44 of the Directive Principles of State Policy provides that the State shall endeavour or secure for the citizens a Uniform Civil Code throughout the territory of the country. In view of the above provisions the questions arise as to whether a Mohammedan woman married or divorced who is a citizen of India gets equality of status and dignity, treated equally before the laws and not discriminated only on the ground of sex, under the Muslim Personal Law (Shariat) Application Act, 1937 and whether the same is not inconsistent with the fundamental rights guaranteed under the Constitution and not void under Article 13 of the Constitution? If so, how long should the country wait to enact a Uniform Civil Code to secure and protect all that and the unity and the integrity of the nation?
CONCLUSION:
A net analysis of the various propositions and viewpoints discussed above drives home the ideal solution that for Indians there is needed one indigenous Indian law applicable to all its communities which coexist democratically. Analytically speaking, the answers to the social issues discussed above are within the system. Codification of a unified civil code may be the ultimate solution.

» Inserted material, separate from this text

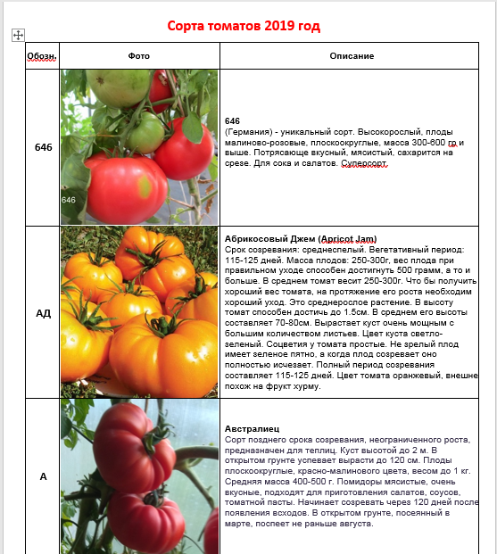 Каталог сортов томатов

Other measures will only tide over time. Judicial verdicts will keep the momentum going. Accommodating personal laws of all religions under such a code is an uphill task. It may take time. The legislature will ultimately have to perform this onerous duty of drafting the Code. Religion will have to keep pace with law. Unity in India exists in its diversity. Times have moved ahead, but personal laws have not kept pace. The courts in India perform a Herculean task in carving out solutions on a case to case basis. The executive and the legislature arms of the government in India however now need to contribute to provide the much needed solutions. In the e-age today, the path to progress must be chartered with harmony at home. As the largest democracy in the world, India has an opportunity to be a role model in various aspects of family laws. Maybe, with further changes and amendments in some aspects, a better role model to emulate may emerge in the Indian sub continent.